Data listing
────────────────────────────────────────

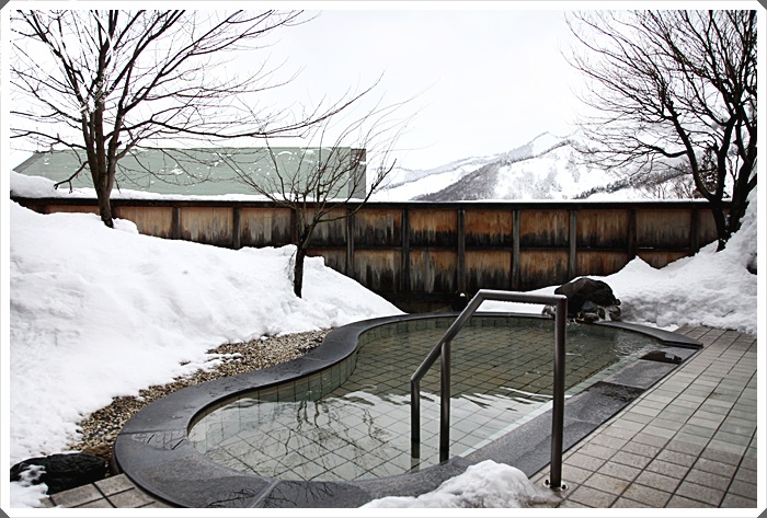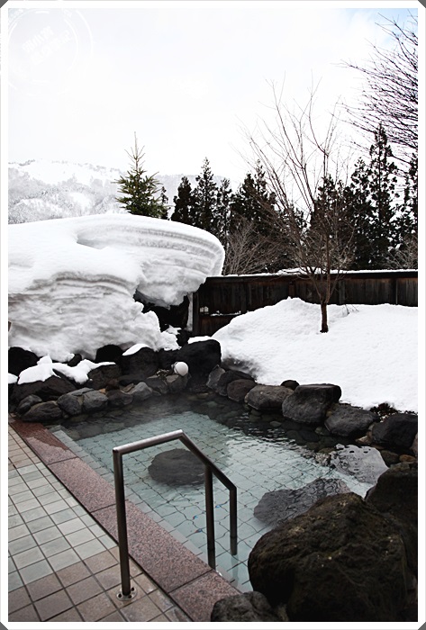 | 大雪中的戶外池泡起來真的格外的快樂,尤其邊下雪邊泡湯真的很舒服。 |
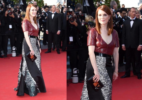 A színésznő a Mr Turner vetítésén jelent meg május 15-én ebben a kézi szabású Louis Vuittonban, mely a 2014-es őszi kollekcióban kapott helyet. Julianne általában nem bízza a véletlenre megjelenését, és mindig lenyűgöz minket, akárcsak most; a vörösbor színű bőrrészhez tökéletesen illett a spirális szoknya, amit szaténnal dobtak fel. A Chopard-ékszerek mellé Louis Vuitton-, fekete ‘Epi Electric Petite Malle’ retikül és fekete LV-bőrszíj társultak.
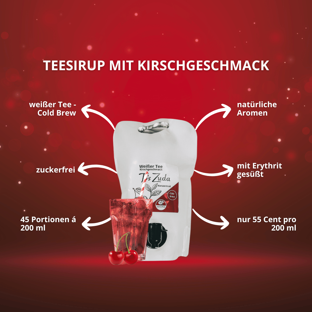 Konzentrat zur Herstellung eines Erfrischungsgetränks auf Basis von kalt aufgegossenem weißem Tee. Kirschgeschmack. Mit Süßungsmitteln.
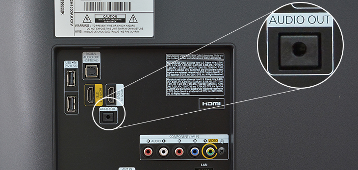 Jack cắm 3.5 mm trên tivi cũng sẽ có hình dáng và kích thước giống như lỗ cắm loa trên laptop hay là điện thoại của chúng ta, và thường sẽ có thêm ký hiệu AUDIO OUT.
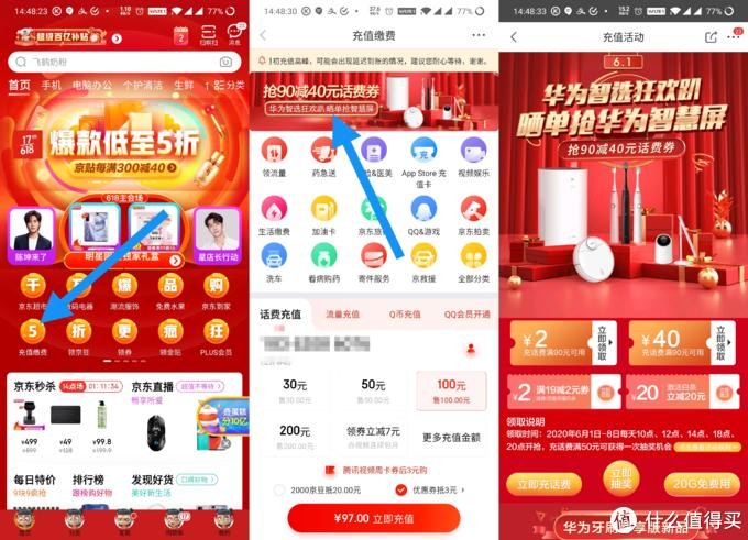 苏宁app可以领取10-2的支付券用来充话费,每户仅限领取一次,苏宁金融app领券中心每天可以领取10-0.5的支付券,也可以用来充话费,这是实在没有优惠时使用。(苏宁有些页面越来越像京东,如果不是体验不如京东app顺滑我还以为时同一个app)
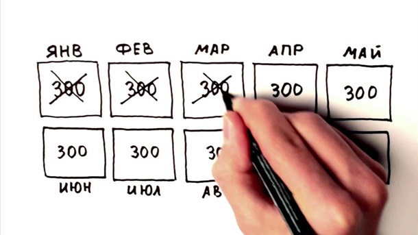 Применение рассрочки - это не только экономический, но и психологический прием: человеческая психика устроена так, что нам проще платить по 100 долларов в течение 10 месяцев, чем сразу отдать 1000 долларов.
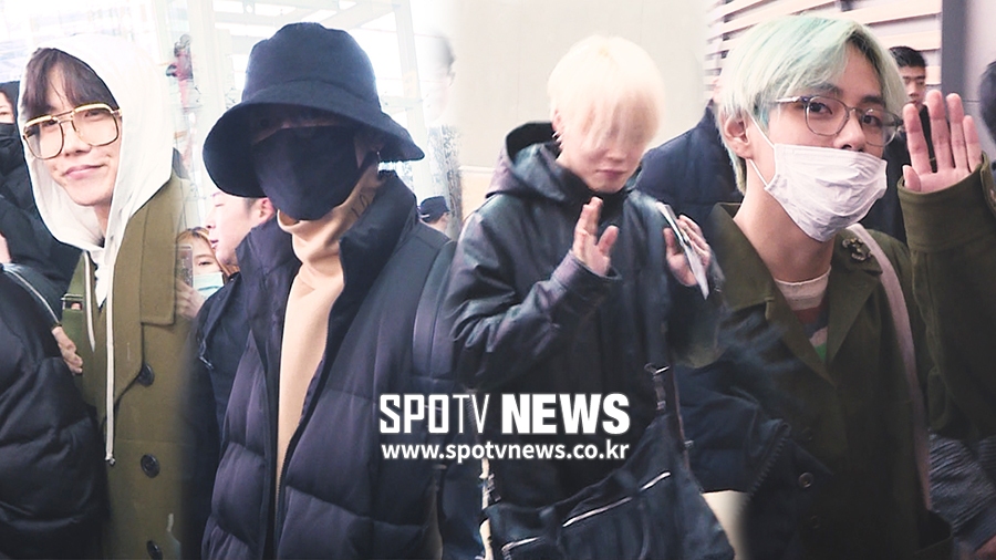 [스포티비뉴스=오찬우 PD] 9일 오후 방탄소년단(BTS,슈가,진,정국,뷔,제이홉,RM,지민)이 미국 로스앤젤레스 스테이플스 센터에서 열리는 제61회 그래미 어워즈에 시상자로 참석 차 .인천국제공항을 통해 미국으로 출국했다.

────────────────────────────────────────

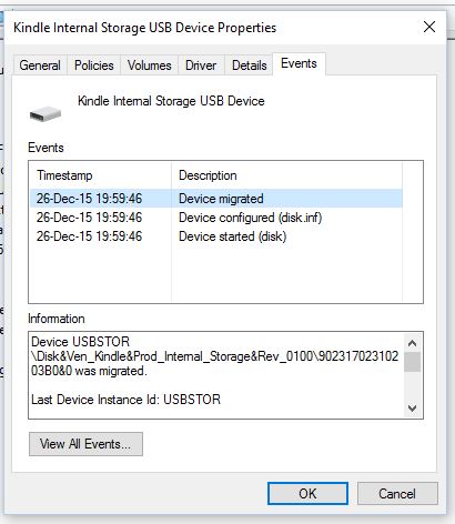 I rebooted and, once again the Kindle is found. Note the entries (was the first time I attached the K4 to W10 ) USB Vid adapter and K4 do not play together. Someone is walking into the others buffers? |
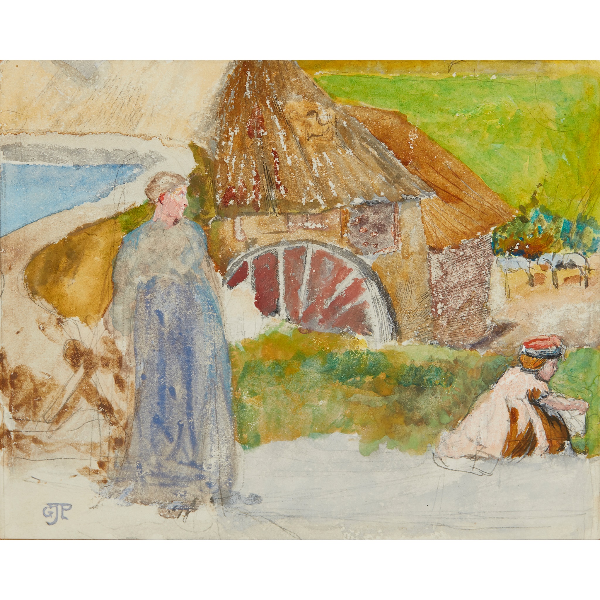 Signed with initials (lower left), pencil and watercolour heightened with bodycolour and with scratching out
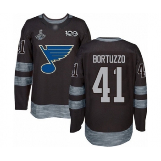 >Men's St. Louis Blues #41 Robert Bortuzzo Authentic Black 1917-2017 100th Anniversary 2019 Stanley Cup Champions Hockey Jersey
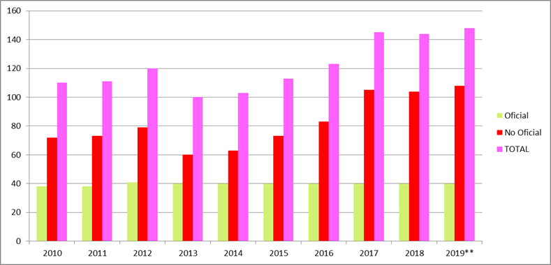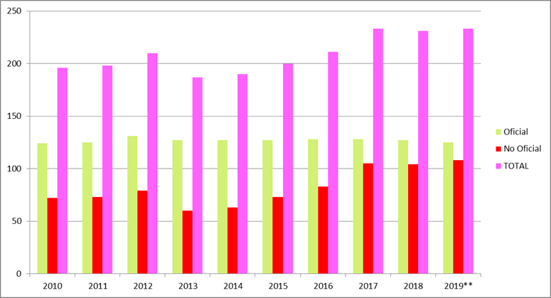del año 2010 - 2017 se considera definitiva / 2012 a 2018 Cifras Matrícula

────────────────────────────────────────

What the task requires
Retype the lines above exactly as they appear, from the line containing "苏宁app可以领取10-2的" through the line containing "[스포티비뉴스=오찬우 PD] 9일", and leave out any pictures.

Response to the exercise
 苏宁app可以领取10-2的支付券用来充话费,每户仅限领取一次,苏宁金融app领券中心每天可以领取10-0.5的支付券,也可以用来充话费,这是实在没有优惠时使用。(苏宁有些页面越来越像京东,如果不是体验不如京东app顺滑我还以为时同一个app)
 Применение рассрочки - это не только экономический, но и психологический прием: человеческая психика устроена так, что нам проще платить по 100 долларов в течение 10 месяцев, чем сразу отдать 1000 долларов.
 [스포티비뉴스=오찬우 PD] 9일 오후 방탄소년단(BTS,슈가,진,정국,뷔,제이홉,RM,지민)이 미국 로스앤젤레스 스테이플스 센터에서 열리는 제61회 그래미 어워즈에 시상자로 참석 차 .인천국제공항을 통해 미국으로 출국했다.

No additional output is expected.